Calculating a date in the future or past

Calculating a date in the future or past

How to:

PHP makes date math simple with DateTime and DateInterval. Check this out:

// Today's date
$today = new DateTime();
echo $today->format('Y-m-d H:i:s') . "\n";

// Add 10 days
$today->add(new DateInterval('P10D'));
echo $today->format('Y-m-d H:i:s') . "\n";

// Subtract 2 months
$today->sub(new DateInterval('P2M'));
echo $today->format('Y-m-d H:i:s') . "\n";

Output might be:

2023-04-01 12:34:56
2023-04-11 12:34:56
2023-02-11 12:34:56

Deep Dive

Back in the day, PHP date calculations were more error-prone. strtotime, while still useful, can trip you up with edge cases. DateTime and DateInterval brought precision and object-oriented clarity.

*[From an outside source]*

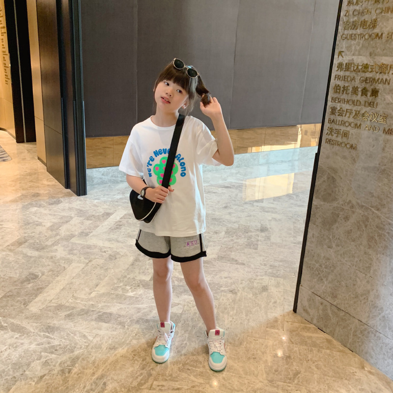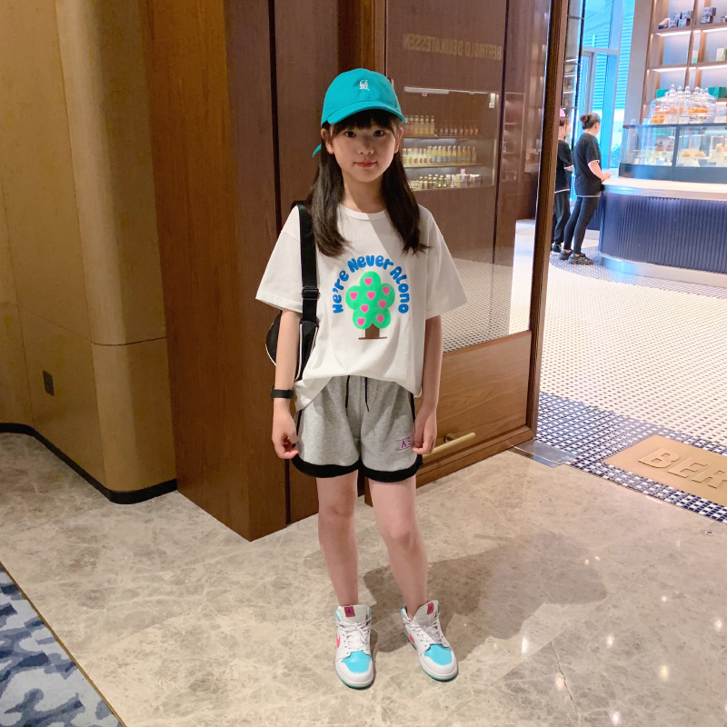 女童短袖纯棉t恤中大童夏季洋气宽松上衣休闲韩系半袖t童装潮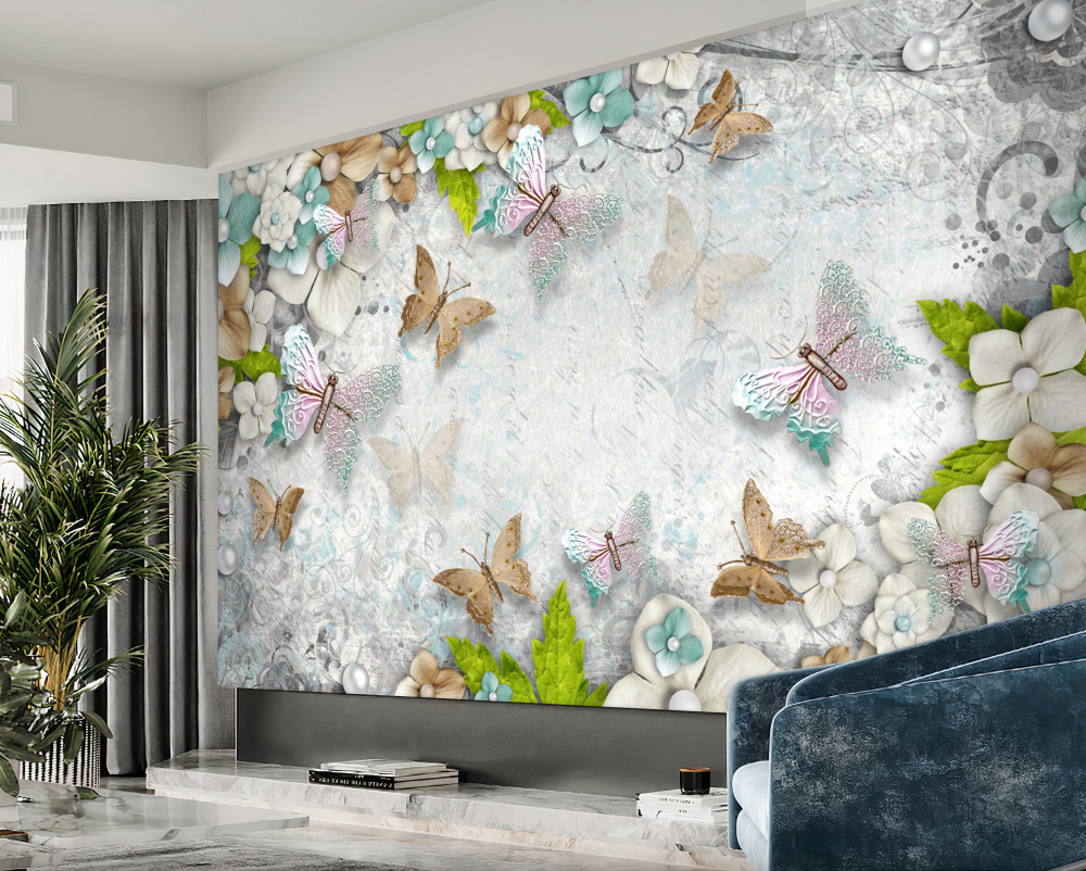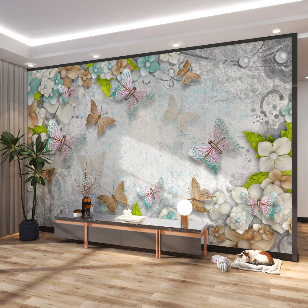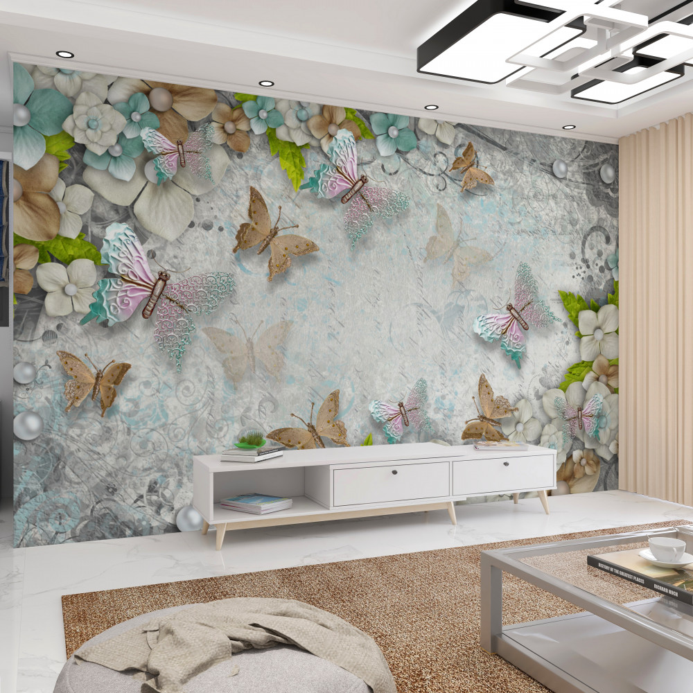 Tapeta Fototapeta delikatne tło kwiatów i motyli (artykuł a91126 ) z kategorii Fototapety 3D

Alternatives? Sure. Libraries like Carbon wrap PHP’s date functionality for more readability and features, but for many cases, PHP’s built-in classes will do just fine.

Under the hood, DateTime::add() and DateTime::sub() alter the object, so no need to reassign. They handle time units consistently, accounting for things like leap years and daylight saving time changes, which can be a real headache otherwise.